Session – Cloud Infrastructure and Information Security
Towards Secure and Robust Autonomy Software in Autonomous Driving
Department of Computer Science
University of California, Irvine
Irvine, CA 92617
Qi Alfred Chen is an Assistant Professor in the Department of Computer Science at the University of California, Irvine. His research interest spans software security, systems security, and network security. Currently, his research focuses on security problems in autonomous systems and IoT (e.g., autonomous driving and intelligent transportation). His major research theme is addressing security challenges through systematic problem analysis and defense designs. His research has discovered and/or addressed security problems in a wide range of systems such as autonomous driving systems, next-generation transportation systems, smartphone OSes, network protocols, DNS, GUI systems, and access control systems. These works have high impacts in both academic and industry with over 25 research papers in top-tier venues in areas ranging from security, mobile systems, transportation, software engineering, to machine learning; a nationwide USDHS US-CERT alert, and multiple CVEs; over 50 news articles by major news media such as Forbes, Fortune, and BBC News; and email acknowledgments from USDOT, Apple, Microsoft, Comcast, Daimler, etc. Chen received his Ph.D. from the University of Michigan in 2018.

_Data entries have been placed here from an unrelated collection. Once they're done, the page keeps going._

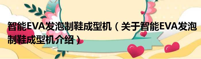 关于智能EVA发泡制鞋成型机到此分享完毕,希望能帮助到您。
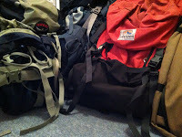 So following due consideration and plenty of research, we have decided: Packs are the Way-to-Go. So here they are, neatly lined up, ready to be filled with clothes and electronica. We have pack covers from our backpacking days, so the packs will be covered before they go on the luggage carousel. These pack covers are so large and red, we will look like Santa.
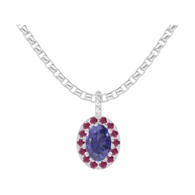 « L'ATELIER » Nº206567Hanger Witgoud 18 karaat - Blauwe saffier Ovaal 0.3 Karaat - Halo Robijn - Setting Diamant - Ketting Venetiaans
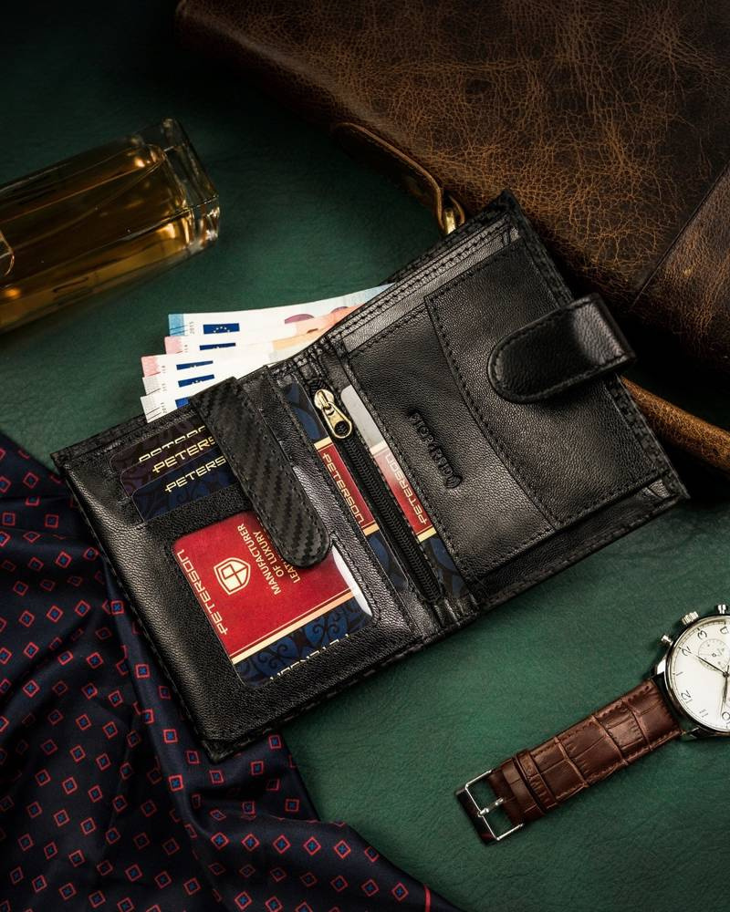 Skórzany portfel męski w orientacji pionowej zamykany na zatrzask - Peterson

Autonomous Driving (AD) technology has always been an international pursuit due to its significant benefit in driving safety, efficiency, and mobility. Over 15 years after the first DARPA Grand Challenge, its development and deployment are becoming increasingly mature and practical, with some AD vehicles already providing services on public roads (e.g., Google Waymo One in Phoenix and Baidu Apollo Go in China). In AD technology, the autonomy software stack, or the AD system, is highly security-critical: it is in charge of safety-critical driving decisions such as collision avoidance and lane keeping, and thus any security problems in it can directly impact road safety. In this talk, I will describe my recent research that initiates the first systematic effort towards understanding and addressing the security problems in production AD systems. I will be focusing on two critical modules: perception and localization, and talk about how we are able to discover novel and practical sensor/physical-world attacks that can cause end-to-end safety impacts such as crashing into obstacles or driving off road. I will conclude with our current efforts on the defense side, and also discuss future research directions.